The harassment and expulsion of foreign journalists in China threatens to turn back the clock to the old days of artful China watching from abroad. But former China correspondent and journalism professor Keith B. Richburg argues the explosion of new media and the determination of many Chinese to tell their own stories means China can no longer be isolated or escape critical coverage.
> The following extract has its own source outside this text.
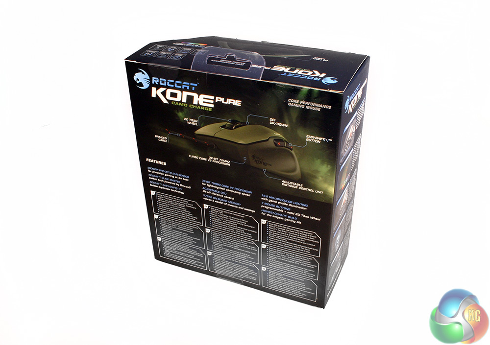 The packaging for the Kone Pure Camo Charge is classic Roccat: high quality, matt cardboard, with the mouse's main features listed in easy to read tabs on the front and written out in more detail on the back in a number of different languages.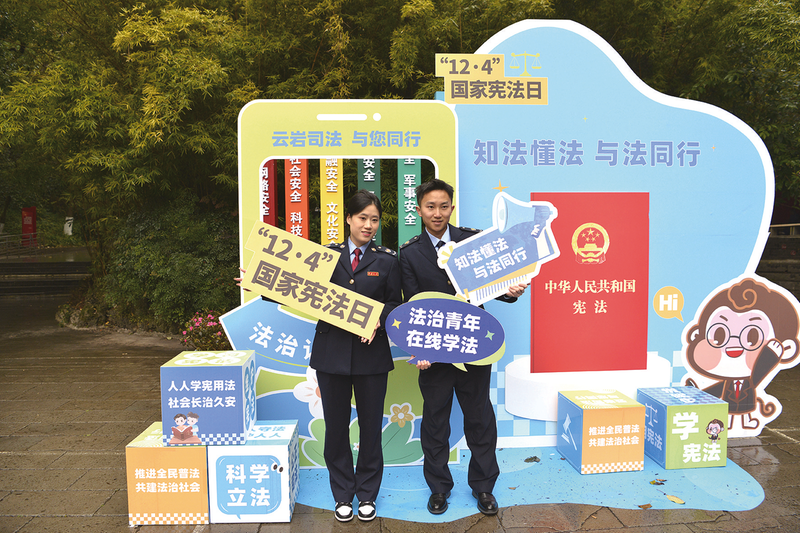 税务工作人员在“网红点”开展普法宣传。 本报讯(记者 张斌 牟岚)为深入学习贯彻习近平法治思想,大力弘扬宪法精神,近日,由云岩区人大常委会、区委宣传部、区委政法委、区司法局联合主办的2025年“宪法宣传日”活动,在贵阳市黔灵山公园国家安全教育主题广场成功举行。

After declaring a resounding victory against the COVID-19 pandemic, a newly-confident China so far this year has tested new sea-launched ballistic missiles, threatened Taiwan by ignoring the median line in the Taiwan Strait, expanded its erasure of Muslim Uigher culture in Xinjiang, and extended its evisceration of Hong Kong’s autonomy and freedoms.

At the same time, China has shown a new aggressiveness in trying to curtail the activities of the foreign reporters in the country, and to quash any unfavourable coverage of the Communist Party or its leader, President Xi Jinping.

Where China once tolerated, even courted, the international media as a sign of the country’s reemergence in the world, China’s leaders today see foreign correspondents as a meddlesome presence they can easily do without.

China has long been one of the world’s most restrictive countries for journalists, local and foreign. Reporters Without Borders lists China at number 177 out of 180 countries for its repression of the press, down just a few notches from 171st place a decade ago.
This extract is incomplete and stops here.